For a long time I had been perplexed by this, and even when people would give explanations things just felt off about their explanations.
Here's what I found was helpful for my own personal understanding. It's a little bit round-a-bout but I think it really helps.
If I put a ball in space and throw it it goes straight:
If I tie it to a mass that's much heavier than it, it'll instead spin in a circle around it.
And the same idea will happen if I connect two rocks of the same mass, and I give one end a push:
This, to me, is THE secret for rolling. If two masses are stuck together, when you push one (in the direction in the image) the second mass is pushed in the opposite direction. Just one tug gets it to rotate forever.
Now we can easily turn this into our "wheel" by just adding more mass. I believe you're going to assume the system will have these special rotation properties if I add more blocks on opposite sides:
Now in fact the only thing that matters, as we've said, is that everything is the same mass and equal distances apart. Well I can in fact just connect all of the masses together, and then they'll be locked in place, forced to have the same behavior. If I do that, then I can end up with something that looks like this:
The key in getting a good intuition is thinking of your wheel as a bunch of rocks glued together. In this case, just by giving a single one of our "rocks" a push, we can get the entire thing to spin forever. We call this a fancy name "angular momentum," and I think often don't explain that it's just what happens to when things are "glued together," like in this example.

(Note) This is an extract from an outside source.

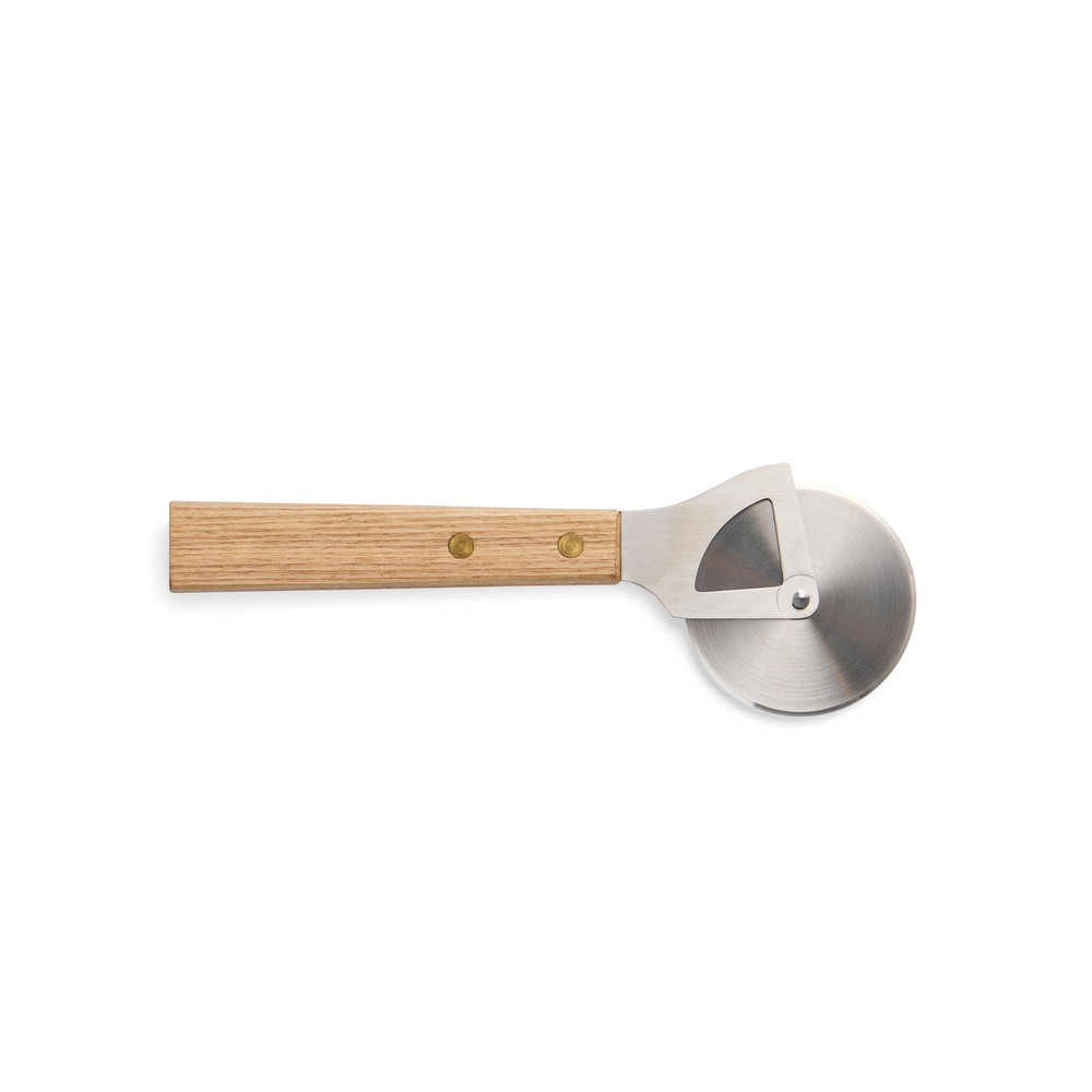 Nóż do pizzy, design inspirowany skandynawską prostotą, wykonany ze stali nierdzewnej oraz drewna jesionowego z certyfikatem FSC®

When something obstructs one end of this spinning mass, the rest of still wants to move! So if your spinning mass hits a bump, it will pivot at that stopping point:
In the wheel case, little tiny changes in the shape of the ground are pushing against the masses that are stuck together, and as a result the top half moves while the bottom half doesnt. The advantage here over the previous case is that these little tiny bumps can be made so small that our wheel grips the ground like a gear and uses it to push off of. The losses due to friction with the gear are very small, relative to just pushing a flat rock on the ground (which has the entire surface area of the rock-to-ground contact locked like a gear, shown in Alexander's answer.) In the end, the key is that our masses being locked together allow us to turn linear inertia into "eternal spinning," if we have a very very flat contact with the ground (but some "interlocking" so we can push off of it), then we can efficiently turn this "eternal spinning" back into linear motion more efficiently!
Personally I think the wheel is around us so much it's hard to take a step back and wonder "what's so great about rolling?" But the reality is that it is a pretty "unnatural" and unintuitive thing, at least according to nature. It's easier to evolve legs than it is to evolve wheels. You need very particular conditions to get this effect to work, and I don't think just writing down some friction terms or L = r x p does one of mankind's greatest inventions any justice!